== Saved data entries ==

====================

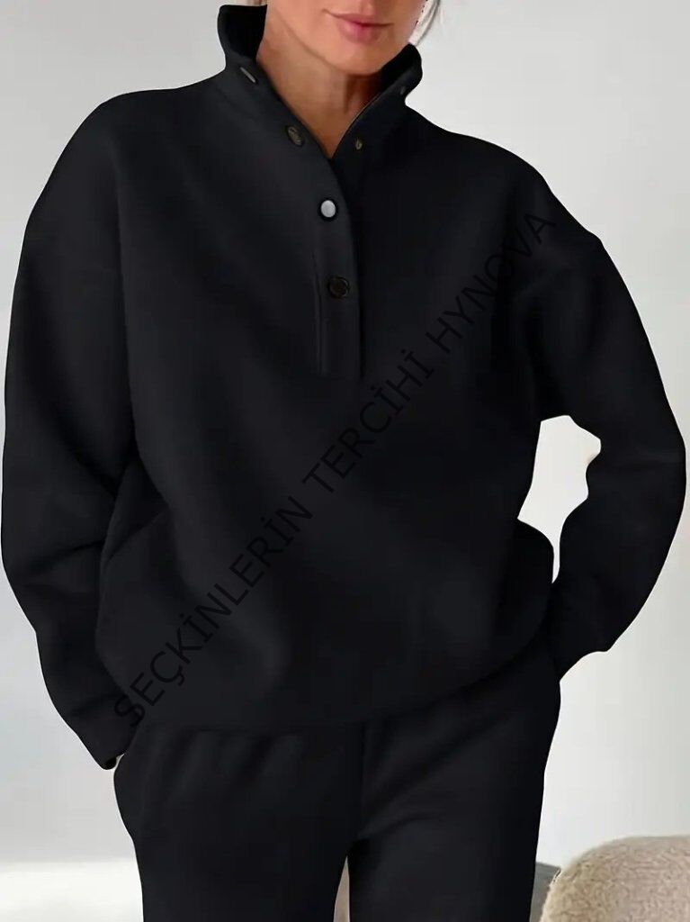 Kadın Uzun Kollu Balıkçı Dik Yakalı Düğmeli üç Iplik Bluz Ve Pantolon Ikili Takım
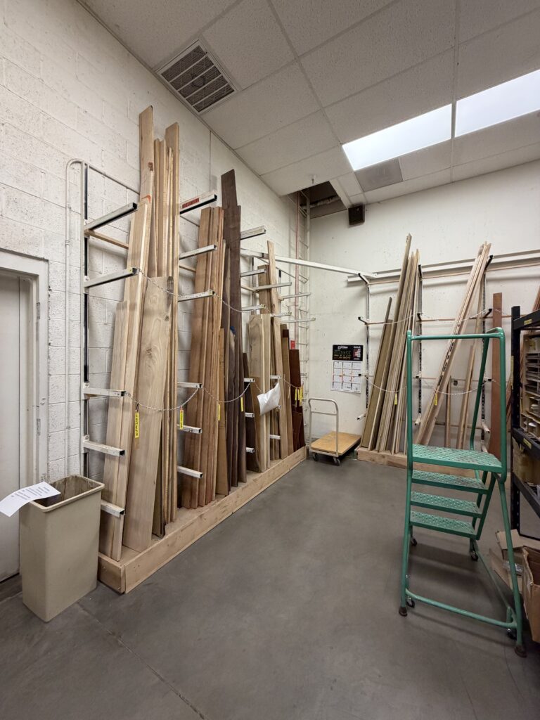 You have access to a supply of material, you may need to buy wood, sandpaper, glue, dowels, or some other supply to complete a project. Items, including wood are sold at slightly above cost to give members the best prices. Usually in stock are walnut, maple, oak, poplar and many others. Special orders for a project can be handled. Remember that the members operating the lumber room are all volunteers. The lumber room is not a commercial enterprise; It is a privilege.
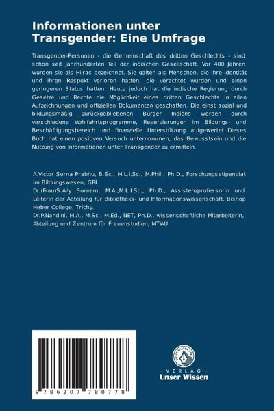 Transgender-Personen - die Gemeinschaft des dritten Geschlechts - sind schon seit Jahrhunderten Teil der indischen Gesellschaft. Vor 400 Jahren wurden sie als Hijras bezeichnet. Sie galten als Menschen, die ihre Identität und ihren Respekt verloren hatten, die verachtet wurden und einen geringeren Status hatten. Heute jedoch hat die indische Regierung durch Gesetze und Rechte die Möglichkeit eines dritten Geschlechts in allen Aufzeichnungen und offiziellen Dokumenten geschaffen. Die einst sozial und bildungsmäßig zurückgebliebenen Bürger Indiens werden durch verschiedene Wohlfahrtsprogramme, Reservierungen im Bildungs- und Beschäftigungsbereich und finanzielle Unterstützung aufgewertet. Dieses Buch hat einen positiven Versuch unternommen, das Bewusstsein und die Nutzung von Informationen unter Transgender zu ermitteln.
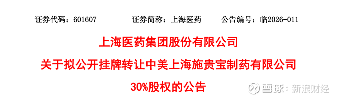 日前,上海医药发布公告,宣布拟通过产权交易所以公开挂牌方式转让其所持中美上海施贵宝制药有限公司(下称 “中美施贵宝”)30%股权,挂牌底价不低于10.23亿元。
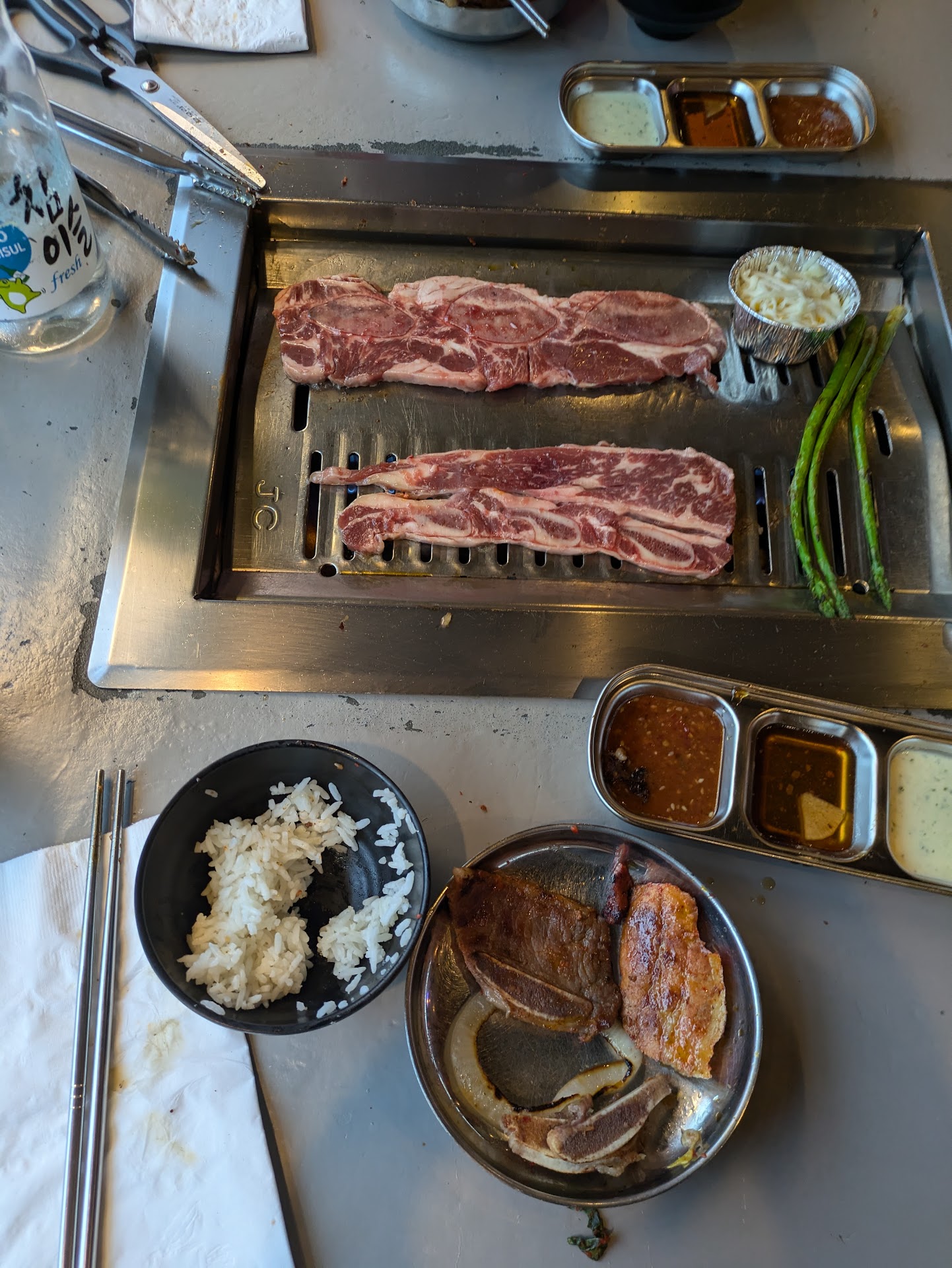 Ā Ā Ā Read moreWent for lunch on a Saturday and there was only one other table besides us when we went at noon. Over time more people came and there were about 5 or 6 tables when we left. One waitress (Lily) had to take care of all tables by herself but she still managed to change the grill plate pretty frequently and regularly check in to make sure everything was good for us. Huge shoutout to Lily for a great experienceš„³ The marinated selections were all really tasty, our favorite was the marinated beef short ribsš¤¤The ready to eat options and side orders were all pretty good too, and the ice cream at the end was definitely a perfect endingšØ They have ventilation systems on top of every grill, it doesnāt completely eliminate all the grease and smell, but it does make a significant differencešš» Pro tip - if you donāt want to smell like bbq after your meal, you can get those single-use shower caps (We got some from Target, but Iām sure you can get them at other places too) and wear them while youāre there. We did that and Iām pretty sure everyone else in the restaurant looked at us for more than oncešbut we managed to not smell like bbq after all...
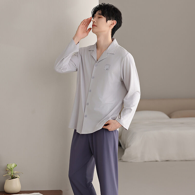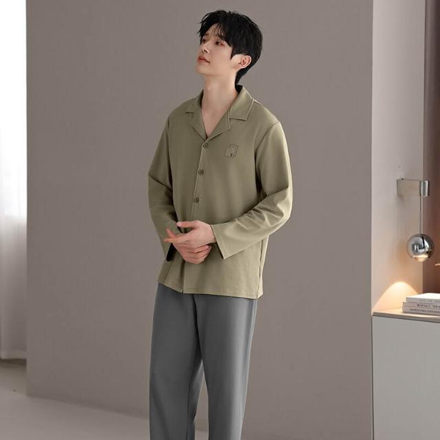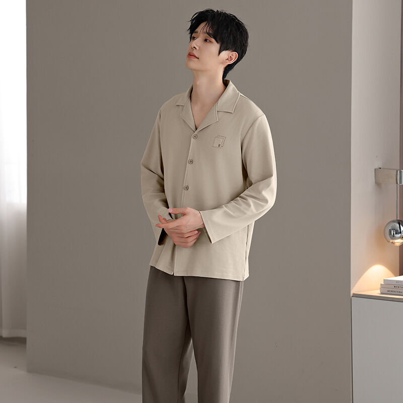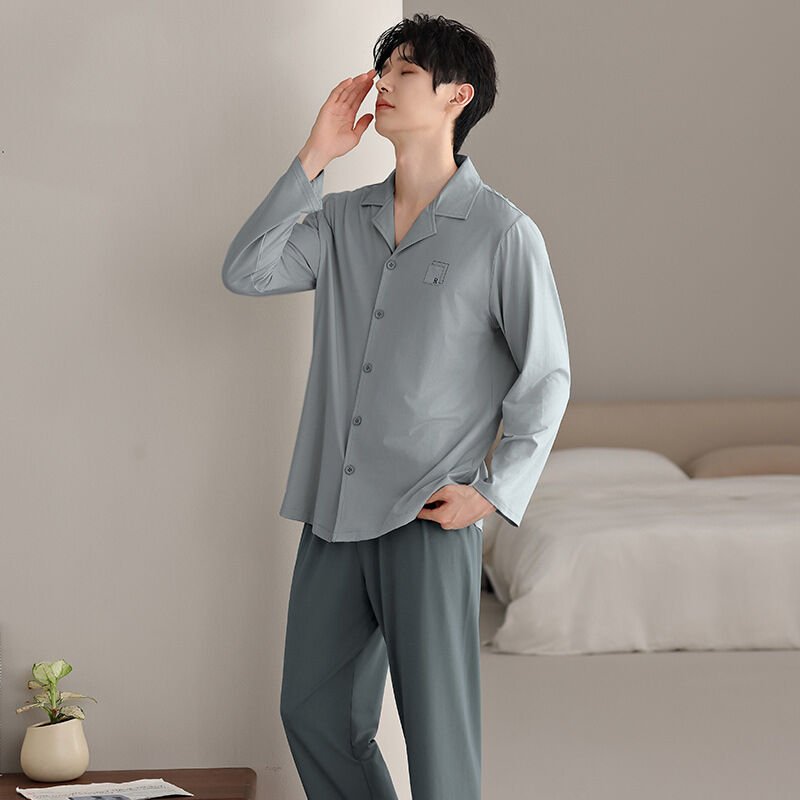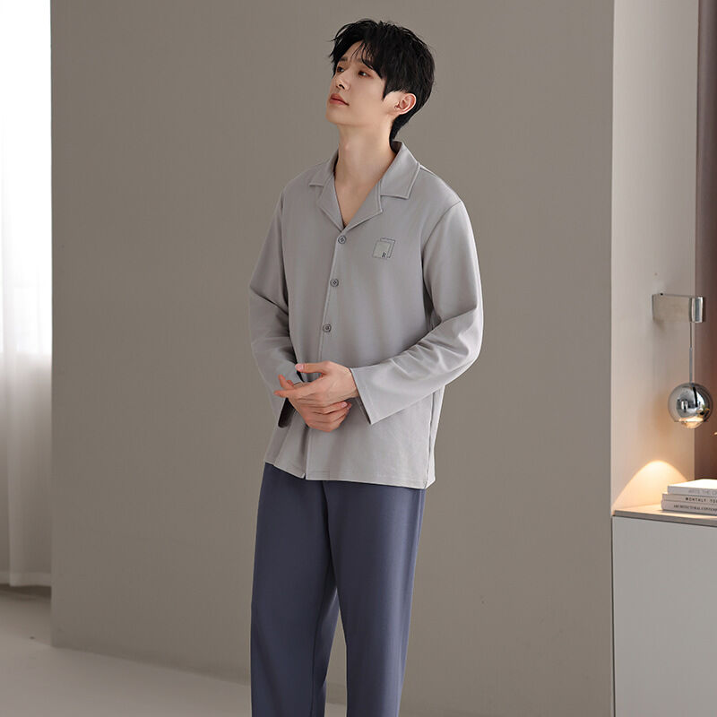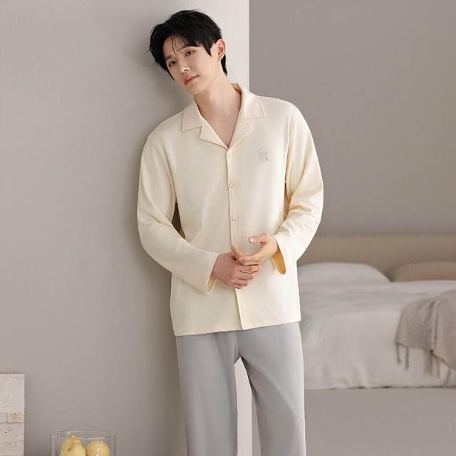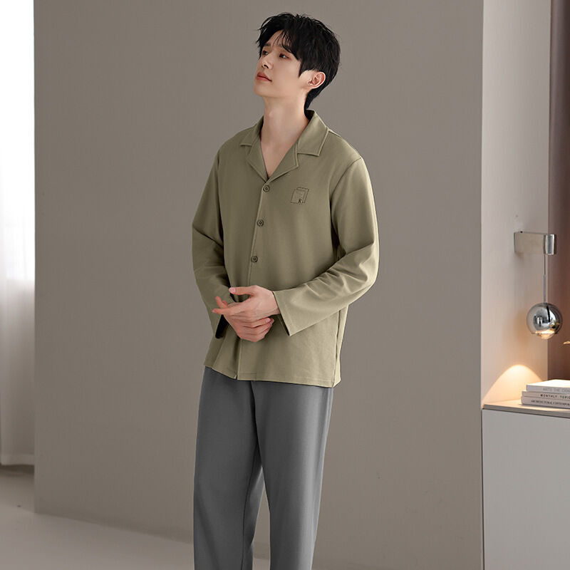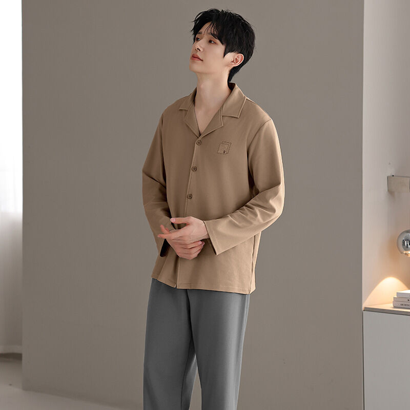 漫語 2026新款男士 睡衣 純棉開衫 長袖 簡約舒適休閑純色春秋季男士 家居服

====================

== EXERCISE INSTRUCTIONS ==
Return all of the records above exactly as written. Omit each picture.

== EXERCISE SOLUTION ==
 Kadın Uzun Kollu Balıkçı Dik Yakalı Düğmeli üç Iplik Bluz Ve Pantolon Ikili Takım
 You have access to a supply of material, you may need to buy wood, sandpaper, glue, dowels, or some other supply to complete a project. Items, including wood are sold at slightly above cost to give members the best prices. Usually in stock are walnut, maple, oak, poplar and many others. Special orders for a project can be handled. Remember that the members operating the lumber room are all volunteers. The lumber room is not a commercial enterprise; It is a privilege.
 Transgender-Personen - die Gemeinschaft des dritten Geschlechts - sind schon seit Jahrhunderten Teil der indischen Gesellschaft. Vor 400 Jahren wurden sie als Hijras bezeichnet. Sie galten als Menschen, die ihre Identität und ihren Respekt verloren hatten, die verachtet wurden und einen geringeren Status hatten. Heute jedoch hat die indische Regierung durch Gesetze und Rechte die Möglichkeit eines dritten Geschlechts in allen Aufzeichnungen und offiziellen Dokumenten geschaffen. Die einst sozial und bildungsmäßig zurückgebliebenen Bürger Indiens werden durch verschiedene Wohlfahrtsprogramme, Reservierungen im Bildungs- und Beschäftigungsbereich und finanzielle Unterstützung aufgewertet. Dieses Buch hat einen positiven Versuch unternommen, das Bewusstsein und die Nutzung von Informationen unter Transgender zu ermitteln.
 日前,上海医药发布公告,宣布拟通过产权交易所以公开挂牌方式转让其所持中美上海施贵宝制药有限公司(下称 “中美施贵宝”)30%股权,挂牌底价不低于10.23亿元。
 Ā Ā Ā Read moreWent for lunch on a Saturday and there was only one other table besides us when we went at noon. Over time more people came and there were about 5 or 6 tables when we left. One waitress (Lily) had to take care of all tables by herself but she still managed to change the grill plate pretty frequently and regularly check in to make sure everything was good for us. Huge shoutout to Lily for a great experienceš„³ The marinated selections were all really tasty, our favorite was the marinated beef short ribsš¤¤The ready to eat options and side orders were all pretty good too, and the ice cream at the end was definitely a perfect endingšØ They have ventilation systems on top of every grill, it doesnāt completely eliminate all the grease and smell, but it does make a significant differencešš» Pro tip - if you donāt want to smell like bbq after your meal, you can get those single-use shower caps (We got some from Target, but Iām sure you can get them at other places too) and wear them while youāre there. We did that and Iām pretty sure everyone else in the restaurant looked at us for more than oncešbut we managed to not smell like bbq after all...
 漫語 2026新款男士 睡衣 純棉開衫 長袖 簡約舒適休閑純色春秋季男士 家居服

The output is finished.